2.4 Drafting the scope

The following sections describe the procedures involved in developing the draft scope. A further literature search may be needed. If so, it must be based on the logic model. In addition, a list of 'considerations' should be developed (see section 2.4.2).

2.4.1 Developing key questions

The CPHE project team should refine the outline logic model constructed for the briefing paper (see figure 2.3) to draft a set of key questions that the guidance will aim to address. (These key questions, in turn, will be the starting point for developing research questions for the reviews.) The number of questions will depend on the topic and the breadth of the scope. However, it is important to ensure the total number:

  • is manageable for the PHAC

  • is feasible within the allocated budget

  • provides a sufficient focus for the guidance.

Key questions should be clear, realistic and focused. They should cover all areas of the guidance remit and should not introduce new aspects. They should be concerned with effectiveness, cost effectiveness, the relationship between interventions and outcomes, feasibility and acceptability and inequalities (also see section 2.4.2). They may cover the determinants of health, including risk and protective factors (and the relationships between them). Most important, the key questions should clearly relate to the interventions being considered and the outcomes that will be used to assess their effectiveness and cost effectiveness. Therefore, in addition to the logic model, the CPHE project team should use the population, intervention, comparison and outcome (PICO) framework to specify interventions, where appropriate, as follows.

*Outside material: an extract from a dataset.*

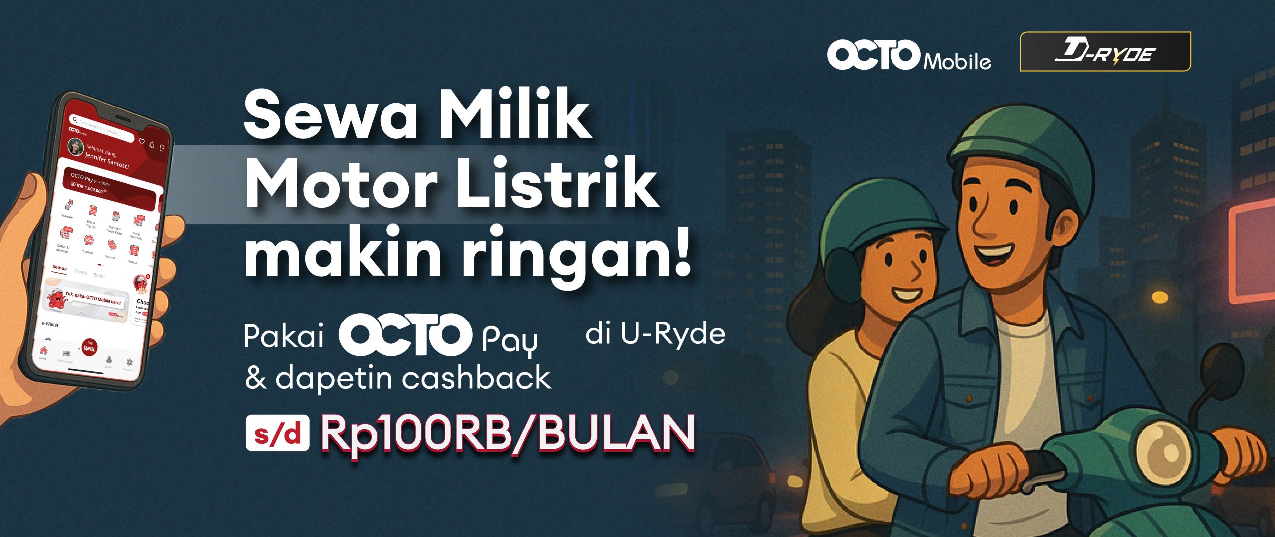 - Cashback Rp 5.000 per transaksi untuk pembayaran cicilan sewa motor listrik lewat aplikasi U-Ryde menggunakan metode pembayaran OCTO Pay & maksimal cashback 20x per bulan.

  • Population under study

    • which populations are we most interested in?

    • how can they best be described?

    • are there subgroups that need to be considered?

    • are there any relevant inequality or exclusion issues here?

  • Intervention or approach

    • which interventions/approaches should be used?

  • Comparison

    • what are the main alternative(s), including 'usual practice' or 'do nothing'?

  • Outcome

    • what really matters to the population or individual?

    • which outcomes should be considered (for example, mortality, morbidity, relapse rates, physical and social functioning, costs, health status and so on)?

2.4.2 Considerations

The list of considerations should set out the factors that the PHAC are likely to consider when developing recommendations. They may become sub-questions for the reviews and may indicate where expert testimony will be required. They may include the various confounding factors that could influence the outcome, effectiveness and cost effectiveness of each type of activity, along with any other relevant information. The programme theory or theories of change approach and the logic model adopted may be helpful when compiling this list.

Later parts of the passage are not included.